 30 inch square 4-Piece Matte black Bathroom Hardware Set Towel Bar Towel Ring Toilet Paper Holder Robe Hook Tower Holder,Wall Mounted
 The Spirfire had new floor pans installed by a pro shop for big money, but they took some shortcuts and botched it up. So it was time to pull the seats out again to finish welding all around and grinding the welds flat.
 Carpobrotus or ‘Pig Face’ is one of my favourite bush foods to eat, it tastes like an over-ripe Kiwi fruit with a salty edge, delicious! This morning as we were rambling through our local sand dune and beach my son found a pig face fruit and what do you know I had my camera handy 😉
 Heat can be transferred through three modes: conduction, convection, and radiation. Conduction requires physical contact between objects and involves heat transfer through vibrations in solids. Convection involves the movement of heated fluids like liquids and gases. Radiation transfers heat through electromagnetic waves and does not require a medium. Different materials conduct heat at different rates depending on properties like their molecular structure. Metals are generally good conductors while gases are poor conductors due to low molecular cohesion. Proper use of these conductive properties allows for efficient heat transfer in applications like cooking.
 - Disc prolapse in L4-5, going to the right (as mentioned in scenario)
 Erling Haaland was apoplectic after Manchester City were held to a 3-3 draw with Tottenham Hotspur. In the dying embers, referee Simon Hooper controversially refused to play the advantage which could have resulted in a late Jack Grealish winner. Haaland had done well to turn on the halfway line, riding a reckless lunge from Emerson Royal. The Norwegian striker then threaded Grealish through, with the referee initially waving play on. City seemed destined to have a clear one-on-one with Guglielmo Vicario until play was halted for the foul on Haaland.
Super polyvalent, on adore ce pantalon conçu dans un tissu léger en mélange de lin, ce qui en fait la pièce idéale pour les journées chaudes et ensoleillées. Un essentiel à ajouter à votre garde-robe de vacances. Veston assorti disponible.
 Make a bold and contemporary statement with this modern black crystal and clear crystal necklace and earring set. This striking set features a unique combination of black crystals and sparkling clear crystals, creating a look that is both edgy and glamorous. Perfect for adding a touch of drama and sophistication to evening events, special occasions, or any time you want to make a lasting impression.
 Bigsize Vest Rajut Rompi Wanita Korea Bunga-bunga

====================

■ About this task ■
Take the listing from its first line to the line containing "Heat can be". Reproduce those lines exactly and nothing else.

■ Answer for the task ■
 30 inch square 4-Piece Matte black Bathroom Hardware Set Towel Bar Towel Ring Toilet Paper Holder Robe Hook Tower Holder,Wall Mounted
 The Spirfire had new floor pans installed by a pro shop for big money, but they took some shortcuts and botched it up. So it was time to pull the seats out again to finish welding all around and grinding the welds flat.
 Carpobrotus or ‘Pig Face’ is one of my favourite bush foods to eat, it tastes like an over-ripe Kiwi fruit with a salty edge, delicious! This morning as we were rambling through our local sand dune and beach my son found a pig face fruit and what do you know I had my camera handy 😉
 Heat can be transferred through three modes: conduction, convection, and radiation. Conduction requires physical contact between objects and involves heat transfer through vibrations in solids. Convection involves the movement of heated fluids like liquids and gases. Radiation transfers heat through electromagnetic waves and does not require a medium. Different materials conduct heat at different rates depending on properties like their molecular structure. Metals are generally good conductors while gases are poor conductors due to low molecular cohesion. Proper use of these conductive properties allows for efficient heat transfer in applications like cooking.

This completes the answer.